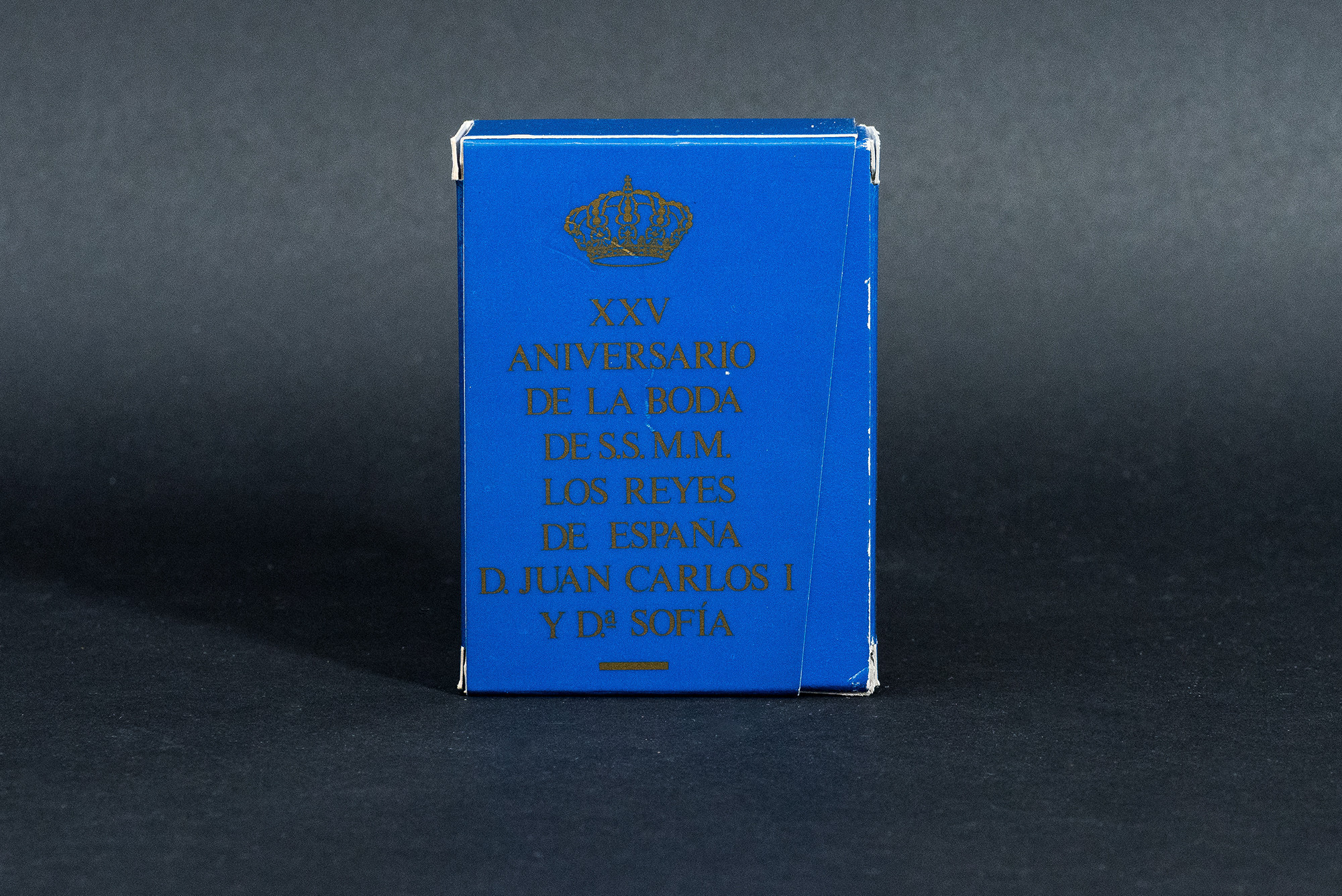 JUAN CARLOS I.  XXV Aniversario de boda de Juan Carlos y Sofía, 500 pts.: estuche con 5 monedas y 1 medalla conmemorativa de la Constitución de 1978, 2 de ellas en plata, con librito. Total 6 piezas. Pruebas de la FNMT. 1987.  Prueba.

- - - - - - -

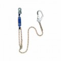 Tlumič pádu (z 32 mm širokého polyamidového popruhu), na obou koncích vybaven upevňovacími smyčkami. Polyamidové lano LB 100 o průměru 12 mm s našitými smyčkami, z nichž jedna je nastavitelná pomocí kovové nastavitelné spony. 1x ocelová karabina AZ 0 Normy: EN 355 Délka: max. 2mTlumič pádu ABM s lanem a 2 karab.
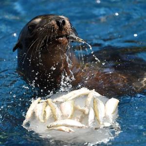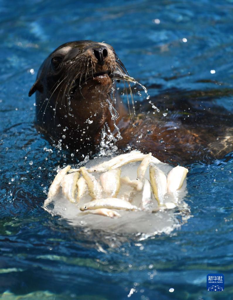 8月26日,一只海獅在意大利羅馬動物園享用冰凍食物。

- - - - - - -

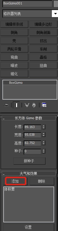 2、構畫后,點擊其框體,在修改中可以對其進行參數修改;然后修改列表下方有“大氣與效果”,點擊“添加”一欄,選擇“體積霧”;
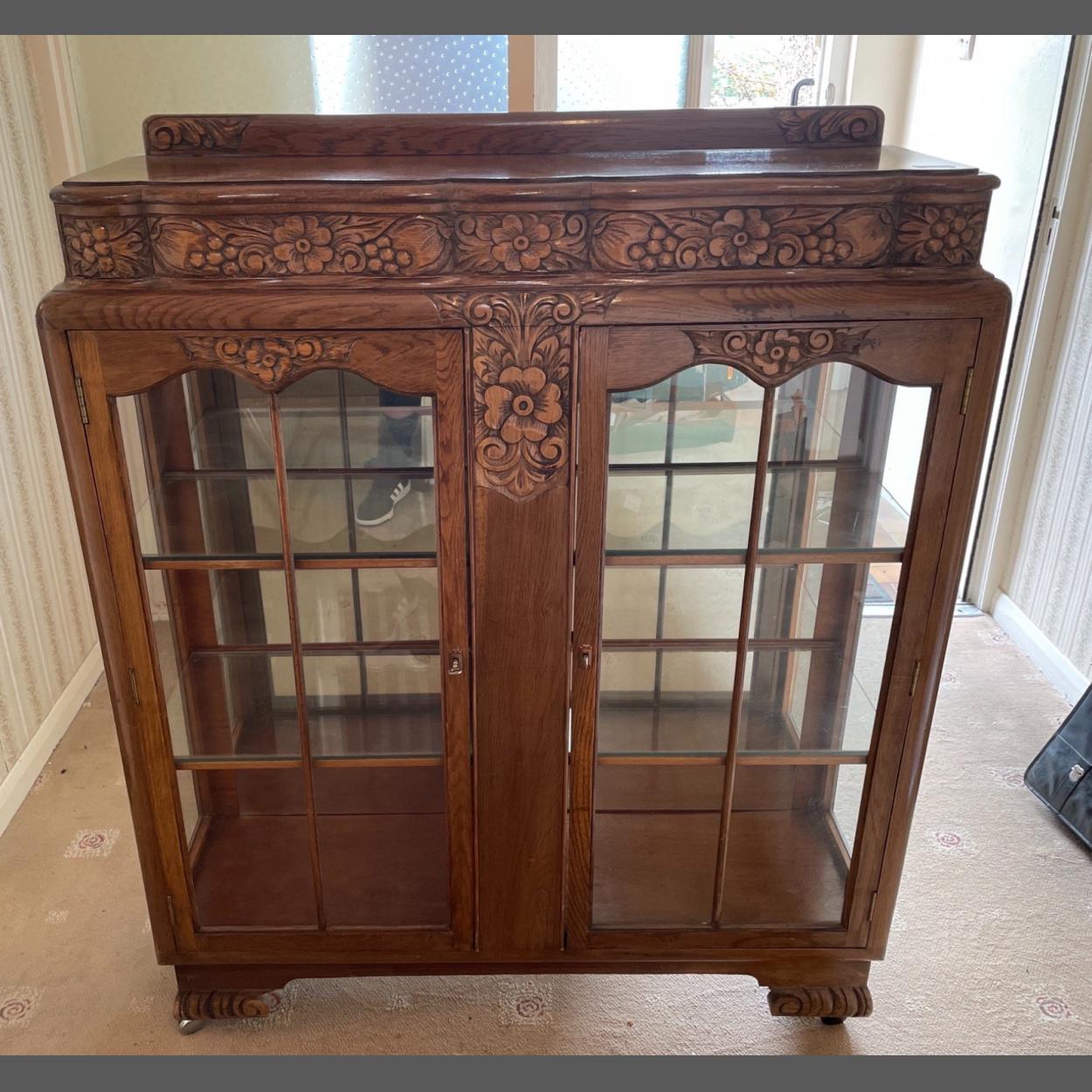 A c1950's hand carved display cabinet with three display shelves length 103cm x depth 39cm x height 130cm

- - - - - - -

WHAT TO WORK ON: Nothing but the lines above, starting at the line that contains "2、構畫后,點擊其框體,在修" and ending at the line that contains "A c1950's hand", should be given again, exactly and without the pictures.

RESPONSE AREA:
 2、構畫后,點擊其框體,在修改中可以對其進行參數修改;然后修改列表下方有“大氣與效果”,點擊“添加”一欄,選擇“體積霧”;
 A c1950's hand carved display cabinet with three display shelves length 103cm x depth 39cm x height 130cm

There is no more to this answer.